Carlos Pomares

Personal information
- Full name: Carlos Pomares Rayo
- Date of birth: 5 December 1992 (age 33)
- Place of birth: Valencia, Spain
- Height: 1.82 m (6 ft 0 in)
- Position: Left-back

Youth career
- Malvarrosa
- Alboraya
- 2009–2012: Sheffield United

Senior career*
- Years: Team / Apps / (Gls)
- 2012–2014: Huracán / 31 / (0)
- 2014–2015: Levante B / 35 / (4)
- 2015–2016: Barakaldo / 32 / (1)
- 2016–2018: Lorca / 74 / (2)
- 2018–2019: Extremadura / 30 / (1)
- 2019–2020: Alcorcón / 26 / (2)
- 2020–2022: Tenerife / 54 / (3)
- 2022–2025: Oviedo / 56 / (0)
- 2025–2026: Zaragoza / 17 / (0)

= Carlos Pomares =

Spanish footballer

Carlos Pomares Rayo (born 5 December 1992) is a Spanish professional footballer who plays as a left back.

==Career==
Born in Valencia, Pomares left Alboraya UD in June 2009 after agreeing to a three-year deal with Sheffield United. After failing to make the breakthrough to the first team, he returned to his home country on 16 August 2012 after signing for Segunda División B side Huracán Valencia CF.

Pomares only made his senior debut on 4 January 2013, coming on as a late substitute for José Luis Capdevila in a 2–1 home win against CF Badalona. He scored his first goal on 1 June, netting the second in a 3–0 home win against Lucena CF which ensured his team's qualification to the following round of the play-offs.

On 5 June 2014 Pomares moved to Levante UD, being assigned to the reserves in Tercera División. On 17 July of the following year he joined third-tier club Barakaldo CF, and was an ever-present figure during the season.
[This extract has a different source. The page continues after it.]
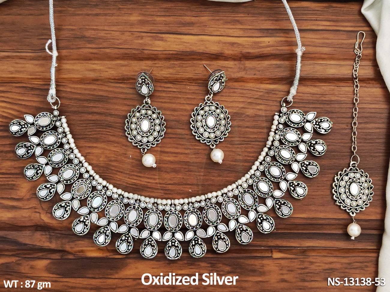 - Oxidised Silver Polish Fancy Design Party wear Beautiful Oxidised Silver Designer Choker Style Necklace Set

On 16 July 2016, Pomares signed with fellow third-division side Lorca FC. An undisputed starter, he contributed with 36 appearances (play-offs included) and one goal as his side achieved promotion to Segunda División for the first time ever.

Pomares made his professional debut on 18 August 2017, starting in a 2–0 home win against Cultural y Deportiva Leonesa. He scored his first goal the following 19 May, netting his team's only in a 1–5 home loss against Real Valladolid.

On 7 August 2018, after Lorca's relegation, Pomares signed a two-year deal with Extremadura UD still in the second division. Roughly one year later, he terminated his contract with the club, and subsequently signed a one-year deal with fellow league team AD Alcorcón.

On 16 August 2020, Pomares signed a two-year contract with CD Tenerife. On 7 July 2022, he moved to fellow second division side Real Oviedo also on a two-year deal.

On 29 July 2025, after contributed with 27 appearances overall during the season as the Asturians achieved promotion to La Liga, Pomares was released from the club. Two days later, he moved to Real Zaragoza in the second division on a one-year deal.